The number one thing I struggle with as a Moishe House resident is distinguishing personal and public relationships, and knowing when I get to exercise which kind of relationship.
The most obvious place this comes up is Shabbat. At our house, we typically have 40-100 people over every other Friday night. This group usually includes some of my closest friends and another several people I love and don't get to see enough. However, it also includes people I have relationships with through Moishe House projects but don't seem to connect to well personally, other people I am trying to get more involved in Moishe House projects, newcomers who I feel obligated to welcome and chat with, and of course some others who are Moishe House regulars but have a hard time finding people to talk with them.
I struggle with understanding how to manage my time and relationships in this situation. In some ways I feel obligated to talk to the new people and to care for the outliers. On the other hand, I feel pressured to reach out to the people I am trying to recruit for projects and events. I also feel guilty not trying to connect to the people who I have a more working relationship with through projects- they are here for community after all! Meanwhile, this is all happening on Friday night, when I am tired after a full week of my day job, and I just want to hang out with my friends! Even if I had the discipline to focus my attention on my role as a housemate, my friends don't appreciate coming to my house and being ignored by me. Every week I struggle to navigate these dynamics. The best solution I have come up with so far is to alternate the weeks I am more focused on my strengthening my public relationships versus enjoying my personal ones. It doesn't totally work though, because you can't just chat someone up one week and ignore them the next.

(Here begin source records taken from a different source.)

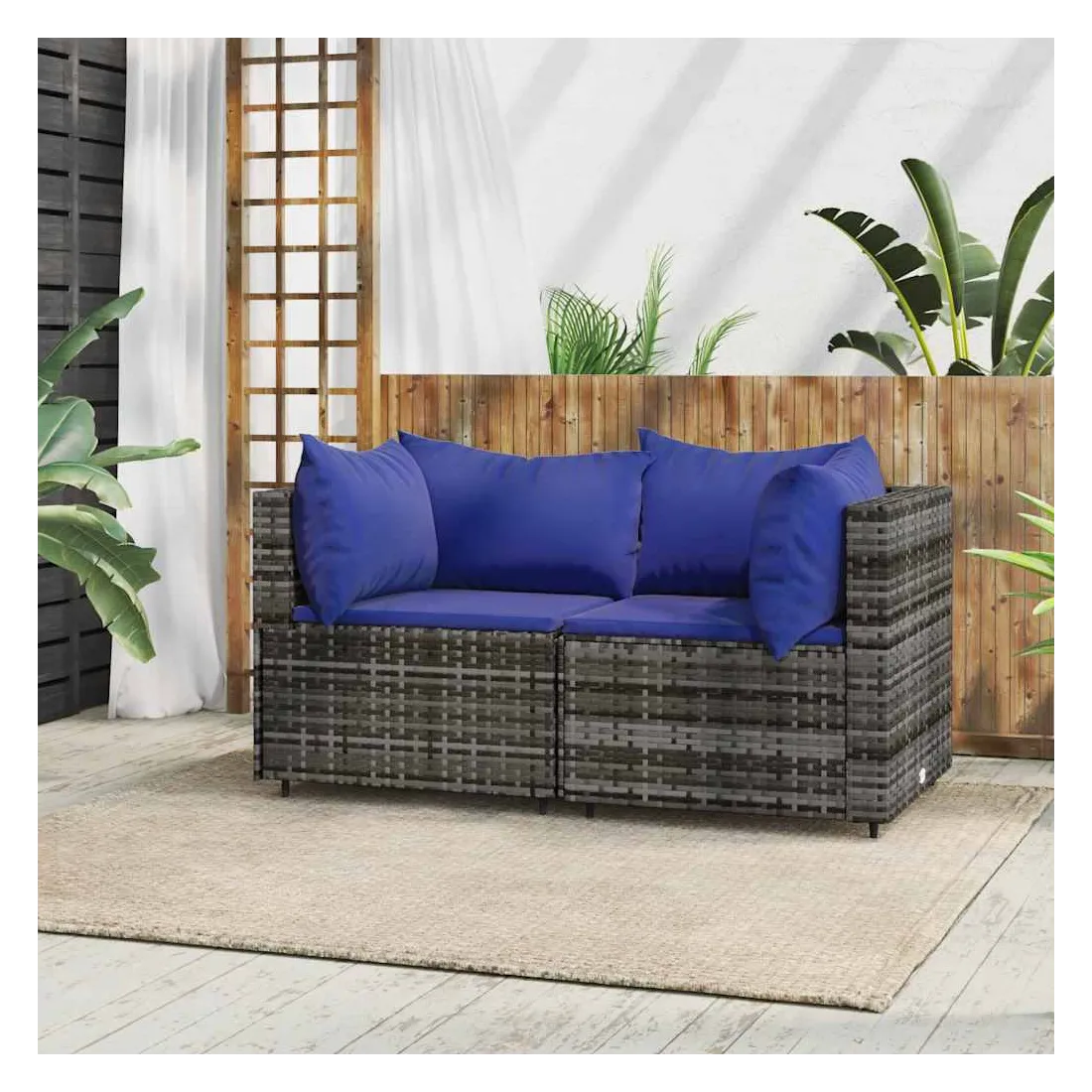Ces canapés d'angle de jardin tendances, au design élégant et contemporain, sont parfaits pour manger ou vous détendre dans votre jardin. Matériau résistant aux intempéries : la résine tressée, également connue sous le nom de rotin poly, résiste aux intempéries et est facile à nettoyer. Elle reste belle à l'extérieur pendant une longue période. Elle offre une excellente qualité, commodité et un aspect esthétique.Cadre robuste : le cadre en acier enduit de poudre rend le canapé robuste et stable pour une utilisation quotidienne à l'extérieur.Design modulaire : le canapé d'extérieur est flexible et facile à déplacer, vous pouvez donc le combiner avec d'autres segments modulaires de la boutique en ligne pour créer vos propres configurations de salon de jardin !Expérience d'assise confortable : le dossier ajoute un confort d'assise supplémentaire au canapé de jardin. De plus, les coussins bien rembourrés offrent du confort pendant votre temps d'assise. Bon à savoir :Pour faciliter au maximum le montage, chaque produit est livré avec des instructions. Remarque :Le produit est conçu pour une utilisation à l'extérieur uniquement. Ne le rangez pas à l'intérieur.Pour que vos meubles d'extérieur restent beaux, nous vous recommandons de les protéger avec une housse imperméable.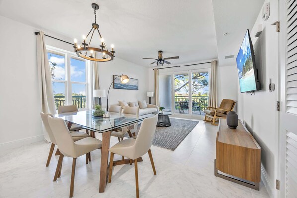 Relax in the beautifully designed living area, complete with tile flooring, a 65-inch Smart TV, and modern furnishings that create an inviting space for unwinding. The large windows offer stunning views of the nature sanctuary and Banana River, ensuring a serene and private retreat throughout your stay.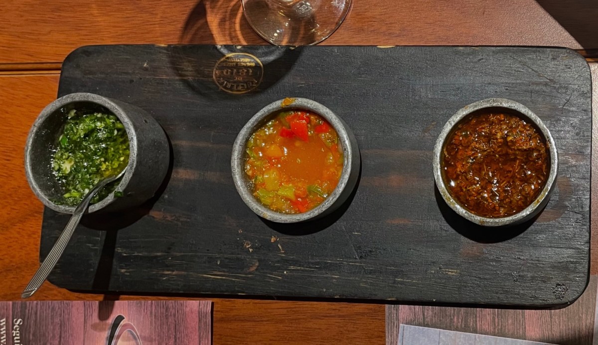 In giro per il Paese abbiamo assaggiato ojo de bife, bife de chorizo, matambre (che può essere cotto alla griglia oppure nella versione arrotolata, tipo “affettato”), e vacío, un altro taglio squisito che abbiamo provato al forno. Va detto che la carne arriva quasi sempre accompagnata da salse: la provenzal (olio d’oliva, aglio e prezzemolo), la criolla (una sorta di vinaigrette) e il celebre chimichurri (prezzemolo, origano, peperoncino macinato, olio, aceto e sale).

Distinguishing public and private relationships also gets particularly tricky when the situation involves a person interested in dating women. Just this week I e-mailed a man who keeps showing up to my meetings to get coffee- I was interested to see what excites him about Moishe House and if he could take more leadership in the projects he seems interested in. He responded tentatively, I think he was confused about whether or not he was being asked out. In another example, I had been working with a man on Moishe/Kavod projects for several weeks before he confessed he was interested in me, I had to explain I really had been calling just to meet about the work. On the other hand, one Shabbas I started chatting up this guy I had never seen in the house before. I was just trying to do my job and be friendly, but he gave me the cold shoulder. I later realized he thought I was hitting on him. The worst example, however, came last month. A man I was interested in e-mailed me asking me about Moishe/Kavod events he should come to. In an effort not to get too excited, I assumed he was interested in Moishe/Kavod not me, and responded to a very exciting date offer with a professional e-mail about upcoming Moishe/House events. Eventually he had to send me an e-mail clarifying his intent. I really have no idea what to do about this problem.